Новая кофта никому не сгодилась. А мыло и огурцы выручили. Шутка сказать: стакан соли дошёл до пятидесяти, десяток солёных огурцов — до ста, кусочек довоенного мыла — до трёхсот рублей!
Так она собрала полторы сотни, которые следовало внести для выкупа пленного, несколько раз ходила за справкой к старосте, пока не отнесла четверть самогонки, подбила такую же, как сама, солдатку-бобылку, собрала горстку сухарей, сварила бурак, заняла шмат тонкого, в палец, сала и двинулась в дальний путь.
Вышли по тёмному. Ёжисто мерцали в вышине, будто их шевелил ветер, тухнущие звёзды, скрипел под ногами жёсткий снег. Смерзались на холоде инеем от дыхания ресницы. Зима выдалась лютая, забойная, снегу навалило внепроходь.
Дороги выбирали поглуше, чтоб не наткнуться на немцев, большие селения обходили стороной. Крутые, намётанные ветрами сугробы местами держали, а где проваливались — вязали тяжёлыми путами ноги. Раньше, бывало, с утра до вечера бегала без устали, а теперь чувствовала, как всё больше слабеет и как силы, которым только б налиться, стравливаются на корню.
Заметно светлело. За сизой морозной дымкой просматривались окоёмные дали, редели, присаживаясь, деревья, мельчали, отступая, продутые ветрами кочки. Анна вспомнила, как тем же путём возили их в область на смотры. Сама маленькая, невзрачная, с ничем не приметными серыми глазами, а голосом — звонкая. Не зря же родилась в том краю, что с гордостью именуют соловьиным.
«Отпелись…» — подумала, глянув на подругу.
Катя Щетинина жила на соседней улице, в хуторе, вела вторым, вслед за Анной, голосом.

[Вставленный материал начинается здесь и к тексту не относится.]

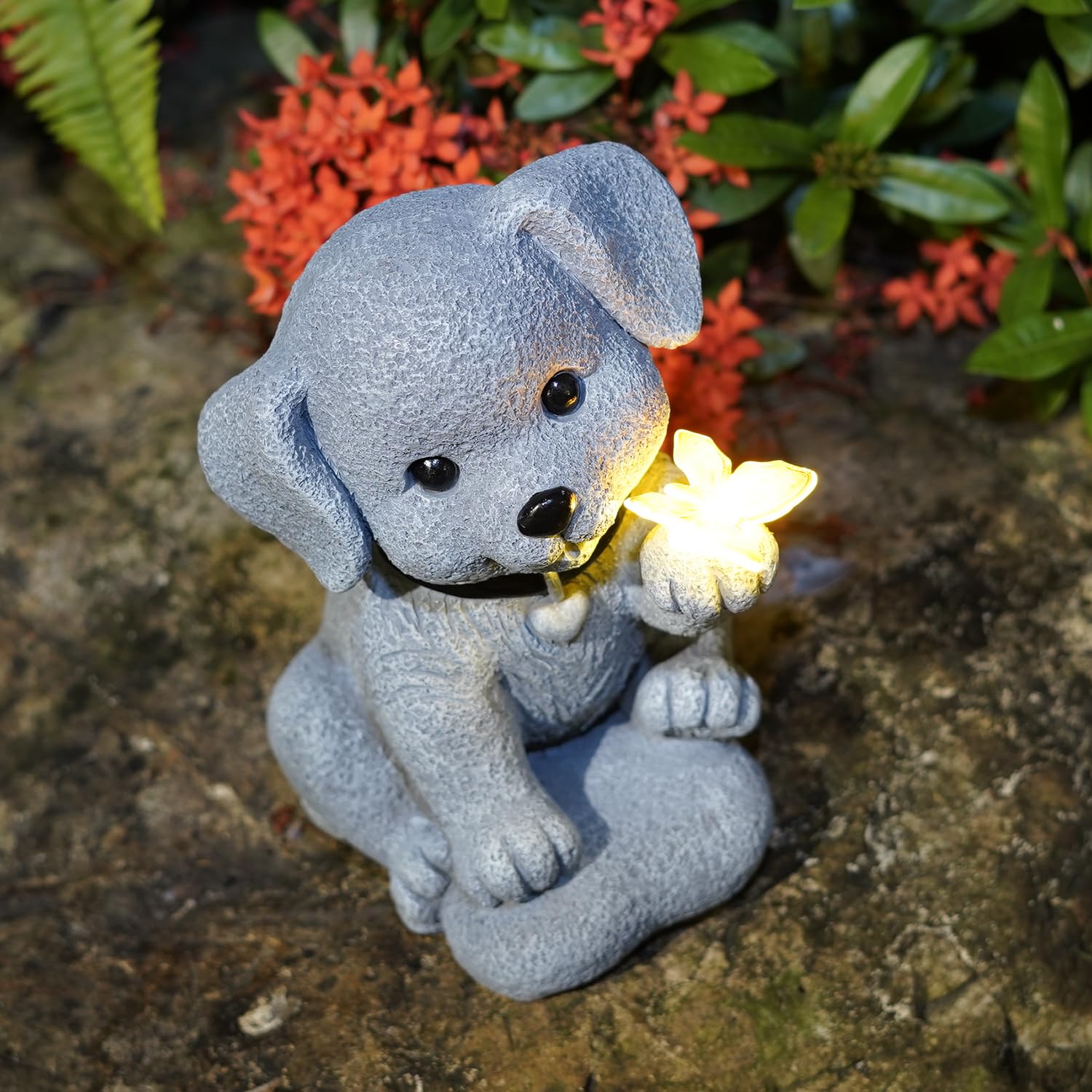 Estatua solar de perro con mariposa – Decoración de jardín al aire libre para el hogar, patio, balcón o porche – Regalo ideal para

Их часто выпускали на сцену обоих, дуэтом. Подруга была несколькими годами моложе, перед самой войной вышла замуж, и их месяц, который называют в народе медовым, оборвался в первый же день...
Солнце чуть-чуть подбилось над небокраем — злое, воспалённое. Холодило, взятое ознобом, небо. На морозе глаза мокрели, Катя трогала края век — мелкие капли тут же брались на варежке растёртыми крупинками снега.
К полудню сделали передых. Анна достала чёрный брус сухаря, сломом похожего на отпиленную доску, Катя вытянула из-за пазух бутылку воды, которую хранила от мороза. Шмат сала и варёный бурак, нарезанный сиреневыми лепестками, оставили на обратный путь, чтобы поддержать силы, если отыщется кто из родных.
Раньше вот так, работая на «огородне» — в овощеводческой бригаде — садились они на перекус рядом. Шутили, смеялись. Анна, живая, бедовая, была во всём — и в работе, и в отдыхе, — заводилой.
«Присмирела…» — подумала о ней подруга.
Млеет, точно молотками побитое, тело; слипаются глаза. Анна испуганно глянула на солнце, обеспокоясь, что времени ушло много, а пути взято мало.
— Ну, не будем засиживаться.
В праздничные дни, до войны, они водили карагоды, наряжались в саяны и кокошники, расшитые золотою тесьмою и лентами, шли от улицы к другой, из деревни в деревню, припевая, выплясывая «Тимоню». Теперь же, таясь и утопая в негу, совсем обессилев, подходили к лагерю военнопленных.
Город встретил провалами разрушений и пустынным безлюдьем. Анна сжалась вся, да так и держалась, цепенея.
Улицы — глубокие проёмы; дома с бельмами вытекших окон. Чёрные дыры выбитых дверей. И колючая проволока в несколько рядов…
Слухи подтвердились: чёрные, заросшие по глаза щетиной пленные находились за оградой из колючей проволоки, бабы ходили по эту сторону, высматривая своих. Пошла и она колючей стезёй вокруг лагеря, затая дыхание, скрепив сердце.
Разные — в отвёрнутых на отмороженные уши пилотках, отчего ужатая голова казалась недоразвитой, а глаза выпученными, в онучах из мешковины вместо сапог — они все были на одно лицо: небритые, худые, чёрные. И глаза блестели одной и той же безысходностью...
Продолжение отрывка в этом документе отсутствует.